[time-nuts] What position is measured?

Magnus Danielson magnus at rubidium.dyndns.org
Wed Sep 8 23:51:46 UTC 2010


On 09/08/2010 04:51 PM, jimlux wrote:
> Tom Holmes wrote:
>> Thanks, Jim.
>>
>> I assume that neither the satellite nor the receiver knows what the
>> variation in the light time delay is, so it must be small enough to allow
>> the claimed nanosecond accuracy of the PPS edge.
>
>
> Well.. that's the difference between a L1 only and a L1/L2 receiver. If
> you measure the same signal at two different frequencies, you can use
> that to estimate the total electron content (TEC) of the path, which in
> turn can be turned into a delay correction.
>
> The uncertainties are on the order of meters/few ns, so keeping the 1pps
> to within 10ns is doable with a L1 receiver.
>
>
>
>
>> Although one sat is sufficient for time work, would using more improve
>> the
>> PPS accuracy? Seems like having more inputs would help with the light
>> delay
>> and other corrections, but it probably is no different than having
>> multiple
>> Rb's in the lab (the guy with two is never quite sure and all that).
>
>
> One sat works *if* you know where it and you are. In practice, though,
> you look at multiple satellites and solve for position and time offset
> simultaneously. The "secret sauce" in GPS receivers that distinguishes
> one from another is:
> 1) acquisition (how long does it take to find the signal and start
> tracking)
> 2) how do you best form the estimate of position and clock offset.
>
> Typically it's done with some form of Extended Kalman Filter (EKF) so
> you also wind up with estimates of the covariance matrix.

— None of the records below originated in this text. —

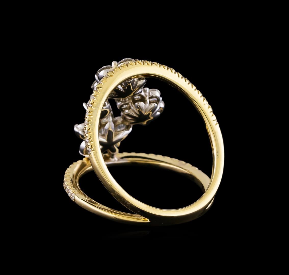 One electronically tested 14KT white and yellow gold lady's combination cast & assembled fashion freeform floral ring with a bright polish finish. The featured lady's has a shank measuring 2.62 millimeters in width. Identified with markings of "K14". Condition is new, good workmanship. Containing: Nine prong set round brilliant cut diamonds, measuring 3.00 - 2.95 x 1.86mm (depth est.) approximate total weight of 9 Stones = 0.95ct. Graded in the setting. Clarity: VS-2 to SI-1. Color: H - I. Cut Very Good Six prong set round brilliant cut diamonds, measuring 2.90 - 2.80 x 1.76mm (depth est.) approximate total weight of 6 Stones = 0.54ct. Graded in the setting. Clarity: VS-2 to SI-1. Color: H - I. Cut Very Good Six round brilliant cut diamonds, measuring 2.30 - 2.20 x 1.38mm (depth est.) approximate total weight of 6 Stones = 0.25ct. Graded in the setting. Clarity: VS-2 to SI-2. Color: G - Good Fifty-Four prong set round brilliant cut diamonds, measuring 1.30 - 1.20 x 0.76mm (depth est.) approximate total weight of 54 Stones = 0.38ct. Graded in the setting. Clarity: SI-1 to I-1. Color: H - I. Cut Good. Total Weight of Diamonds 2.12ct. Total Weight of Freeform Floral Ring 5.40gm. GAS Appraised.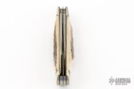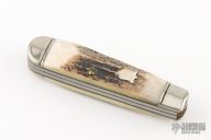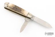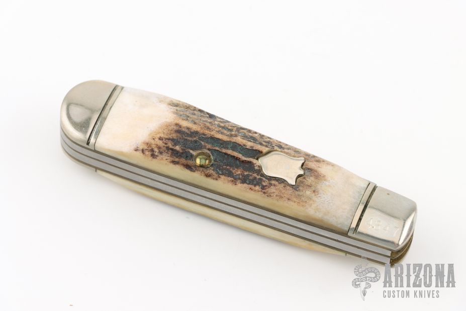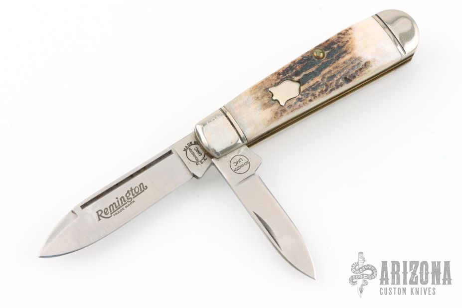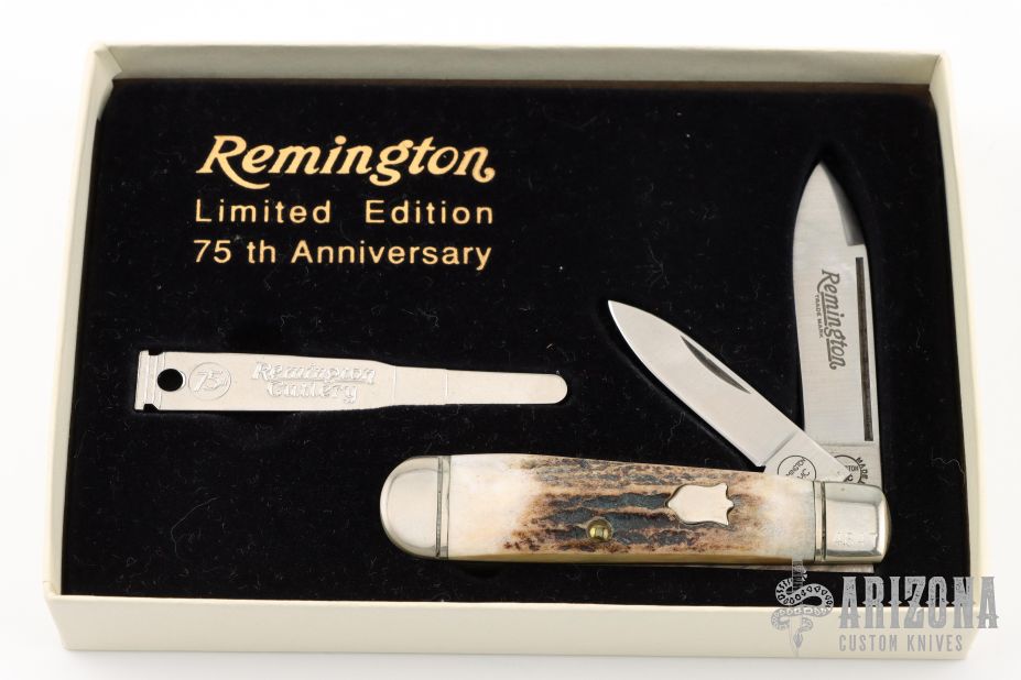 This 75th Anniversary Jack Knife by Remmington has two satin finished blades with nail nicks. The handle has nickel silver bolsters, stag covers, brass liners and steel springs.  Includes the original box and papers. #4847of 7500. Has some light scratches and patina, otherwise excellent condition.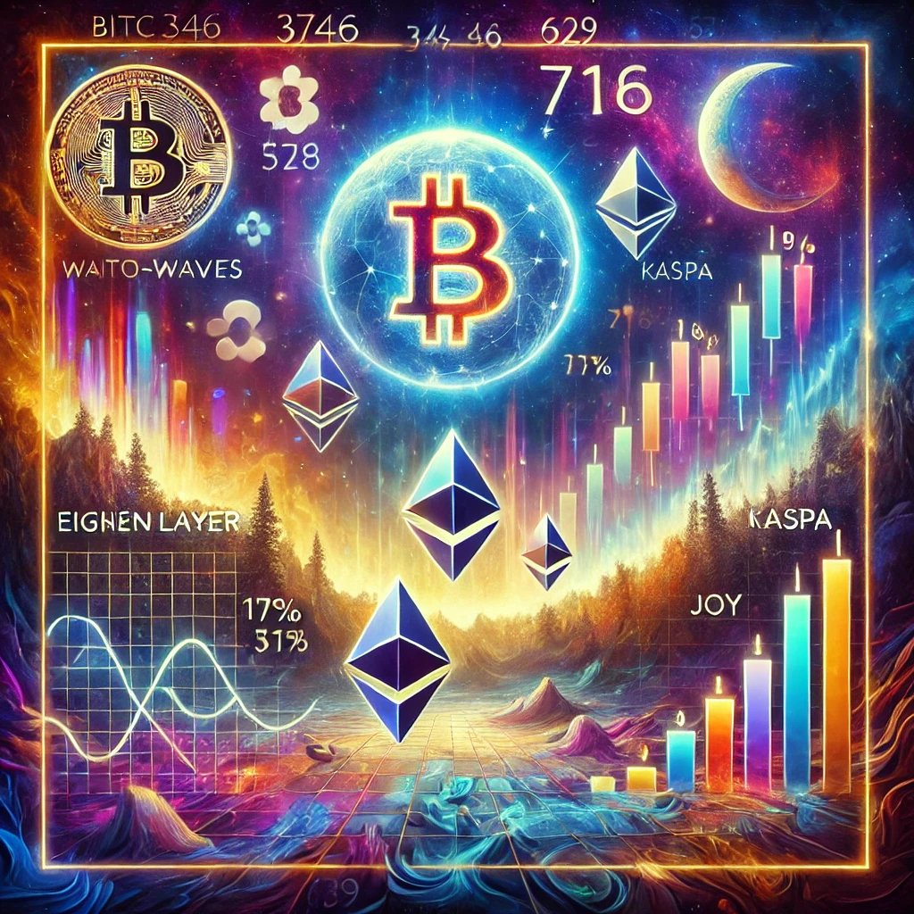 Bitcoin reached a seven-month peak, retesting its all-time high above $73,000 before facing a significant correction. EigenLayer dropped 17% after an initial rise, struggling to reclaim its peak of $4.90 since its October debut. Kaspa faced a 4.4% decline, remaining below the pivot level of $0.2592.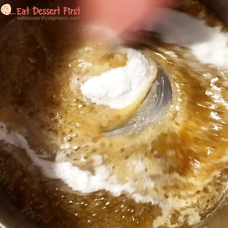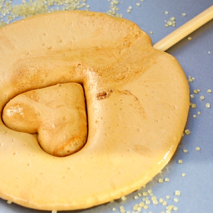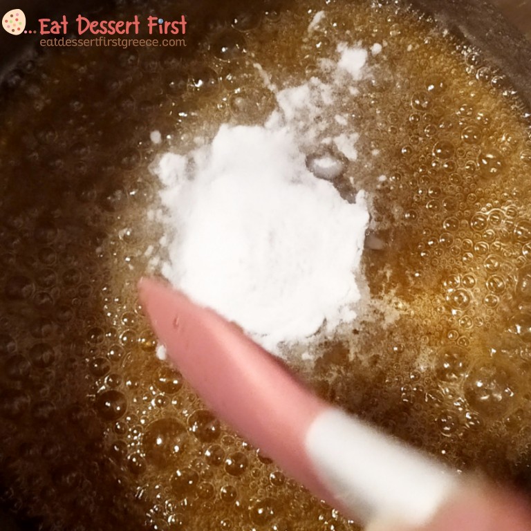 Μόλις η καραμέλα πάρει ωραίο χρώμα και φτάσει στους 150°C ρίχνουμε με προσοχή μέσα τη μαγειρική σόδα, ανακατεύουμε γρήγορα με σπάτουλα σιλικόνης και βλέπουμε τη μαγεία να εκτυλίσσεται μπροστά στα μάτια μας! Ρίχνουμε αμέσως το μείγμα σε ένα σκεύος σιλικόνης (για να μην κολλήσει) ή σε ταψάκι με λαδόκολλα.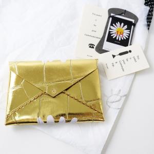 美品 エバゴス ebagos ワニ型押し マーガレットプリント メタリック 封筒型ポーチ ゴールド┃レザー クロコ柄【2400014630046】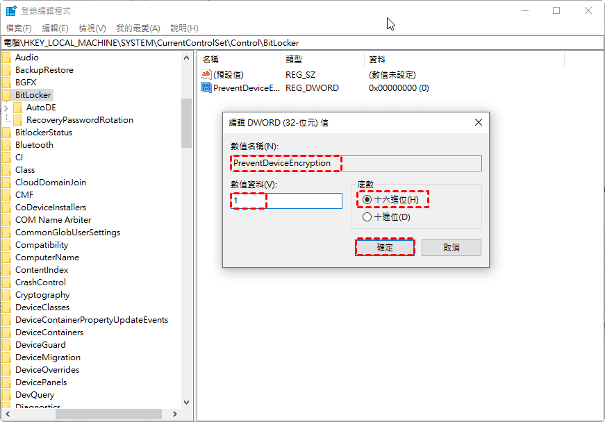 電腦\HKEY_LOCAL_MACHINE\SYSTEM\CurrentControlSet\Control\BitLocker。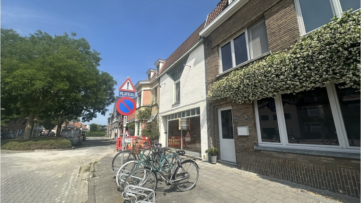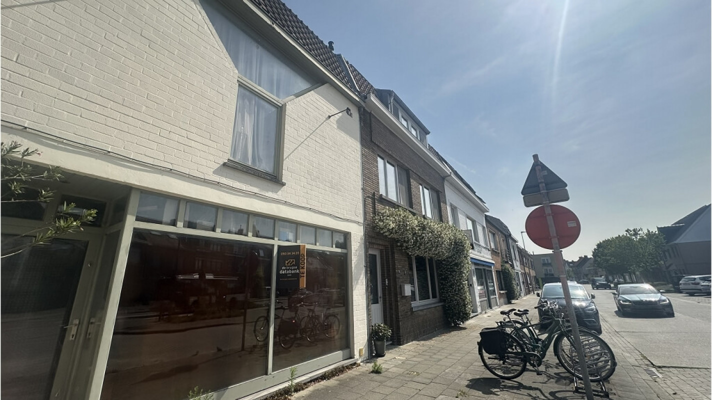 Omvat op het gelijkvloers een handelsruimte van 156 m², inclusief een keuken en toilet, ruim terras en bordertuintje. Op de eerste verdieping vinden we een leefruimte en badkamer. De tweede verdieping omvat een slaapkamer en bureel. Dit pand is mogelijks onderhevig aan de renovatieplicht van niet-residentieel vastgoed, opgelegd door de Vlaamse overheid.

Whether or not
> that gets shoved out to the user is another matter.
>
> the timing receivers separate the "where am I" and the "what time is it"
> questions.. you do a survey mode to get a precise position, then lock
> that down, and go to timing only mode, essentially averaging the time
> info from multiple satellites (not true averaging, almost always a
> weighted average)

Missing is the RAIM and in timing context the T-RAIM.

RAIM helps to drop false-tickers from the solution and this process is 
done dynamically for every solution. It is fairly straightforward.

The remaining sources forms an average after the RAIM.